Images are to be excluded, and the rest of the data repeated exactly.

-=-=-=-=-

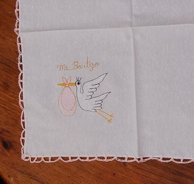 「私の洗礼式」と書かれたこのハンカチ。記念品として配るために作られたり、赤ちゃんの思い出に取っておくために
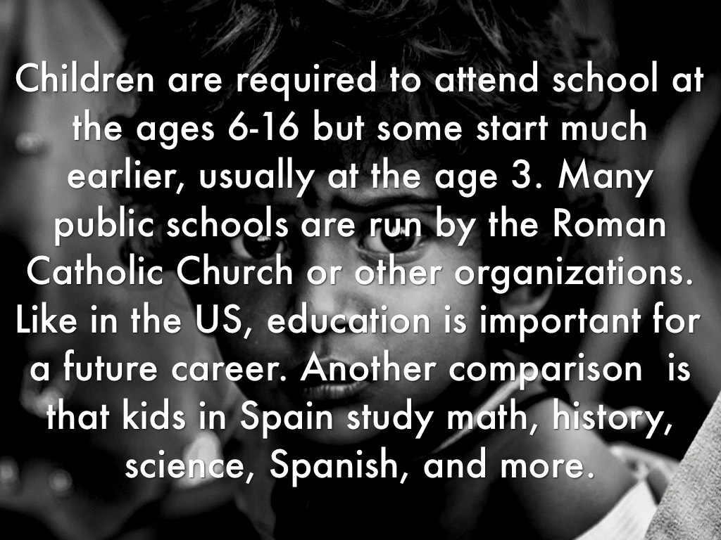 Children are required to attend school at the ages 6-16 but some start much earlier, usually at the age 3. Many public schools are run by the Roman Catholic Church or other organizations. Like in the US, education is important for a future career. Another comparison is that kids in Spain study math, history, science, Spanish, and more.
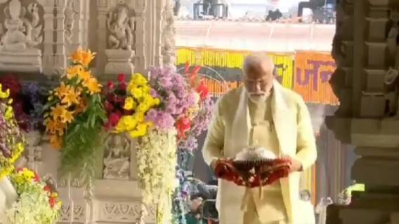 पीएम मोदी सुबह करीब 10.45 बजे राम मंदिर प्राण प्रतिष्ठा में शामिल होने के लिए अयोध्या पहुंचे. यहां से पीएम मोदी राम मंदिर पहुंचे. यहां वे राम मंदिर में पीतांबर वस्त्र धारण कर पहुंचे. उन्होने धोती और कुर्ता पहना. साथ ही गले में सफेद रंग का पटका भी डाला. पीएम मोदी प्रभु श्रीराम के लिए चांदी का छत्र लेकर पहुंचे, जिसे उन्होंने पुजारी को सौंपा. पीएम मोदी के अलावा कार्यक्रम में उत्तर प्रदेश के मुख्यमंत्री योगी आदित्यनाथ, संघ प्रमुख मोहन भागवत और राज्यपाल आनंदीबेन पटेल शामिल हुए.
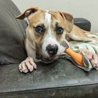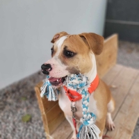 Momoush est un chien unique avec son propre style de jeu. Il adore se balader avec un jouet, ou n’importe quoi qu’il puisse mettre dans sa gueule, surtout lorsqu’il rencontre de nouvelles personnes. Il joue régulièrement avec un golden retriever au refuge, mais il pourrait avoir du mal à comprendre les limites des autres chiens qui souhaitent moins jouer.
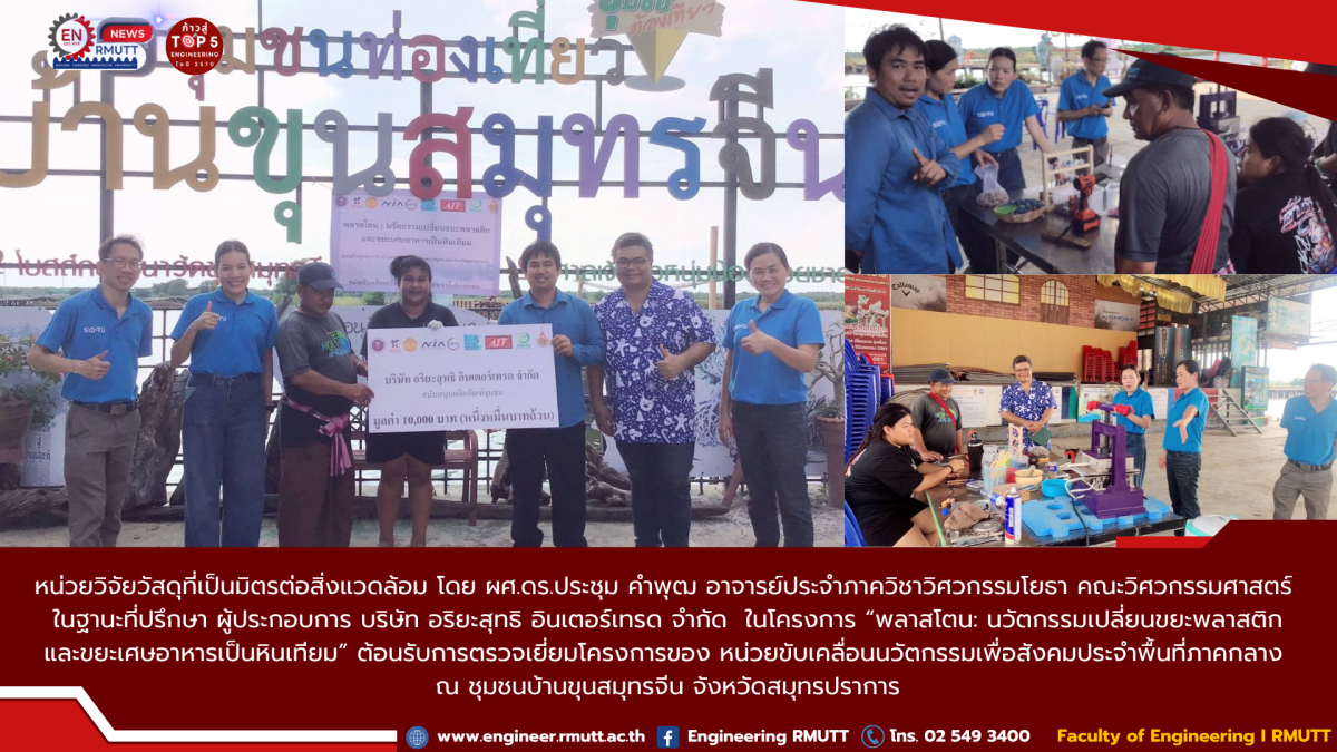เมื่อวันที่ 9 ตุลาคม 2568 ที่ผ่านมา หน่วยวิจัยวัสดุที่เป็นมิตรต่อสิ่งแวดล้อม โดย ผู้ช่วยศาสตราจารย์ ดร.ประชุม คำพุฒ อาจารย์ประจำภาควิชาวิศวกรรมโยธา คณะวิศวกรรมศาสตร์ มหาวิทยาลัยเทคโนโลยีราชมงคลธัญบุรี (มทร.ธัญบุรี) ในฐานะที่ปรึกษาโครงการฯ ได้ต้อนรับการตรวจเยี่ยมโครงการจากหน่วยขับเคลื่อนนวัตกรรมเพื่อสังคมประจำพื้นที่ภาคกลาง ณ ชุมชนบ้านขุนสมุทรจีน จังหวัดสมุทรปราการ

-=-=-=-=-

RESPONSE BELOW:
 「私の洗礼式」と書かれたこのハンカチ。記念品として配るために作られたり、赤ちゃんの思い出に取っておくために
 Children are required to attend school at the ages 6-16 but some start much earlier, usually at the age 3. Many public schools are run by the Roman Catholic Church or other organizations. Like in the US, education is important for a future career. Another comparison is that kids in Spain study math, history, science, Spanish, and more.
 पीएम मोदी सुबह करीब 10.45 बजे राम मंदिर प्राण प्रतिष्ठा में शामिल होने के लिए अयोध्या पहुंचे. यहां से पीएम मोदी राम मंदिर पहुंचे. यहां वे राम मंदिर में पीतांबर वस्त्र धारण कर पहुंचे. उन्होने धोती और कुर्ता पहना. साथ ही गले में सफेद रंग का पटका भी डाला. पीएम मोदी प्रभु श्रीराम के लिए चांदी का छत्र लेकर पहुंचे, जिसे उन्होंने पुजारी को सौंपा. पीएम मोदी के अलावा कार्यक्रम में उत्तर प्रदेश के मुख्यमंत्री योगी आदित्यनाथ, संघ प्रमुख मोहन भागवत और राज्यपाल आनंदीबेन पटेल शामिल हुए.
 Momoush est un chien unique avec son propre style de jeu. Il adore se balader avec un jouet, ou n’importe quoi qu’il puisse mettre dans sa gueule, surtout lorsqu’il rencontre de nouvelles personnes. Il joue régulièrement avec un golden retriever au refuge, mais il pourrait avoir du mal à comprendre les limites des autres chiens qui souhaitent moins jouer.
เมื่อวันที่ 9 ตุลาคม 2568 ที่ผ่านมา หน่วยวิจัยวัสดุที่เป็นมิตรต่อสิ่งแวดล้อม โดย ผู้ช่วยศาสตราจารย์ ดร.ประชุม คำพุฒ อาจารย์ประจำภาควิชาวิศวกรรมโยธา คณะวิศวกรรมศาสตร์ มหาวิทยาลัยเทคโนโลยีราชมงคลธัญบุรี (มทร.ธัญบุรี) ในฐานะที่ปรึกษาโครงการฯ ได้ต้อนรับการตรวจเยี่ยมโครงการจากหน่วยขับเคลื่อนนวัตกรรมเพื่อสังคมประจำพื้นที่ภาคกลาง ณ ชุมชนบ้านขุนสมุทรจีน จังหวัดสมุทรปราการ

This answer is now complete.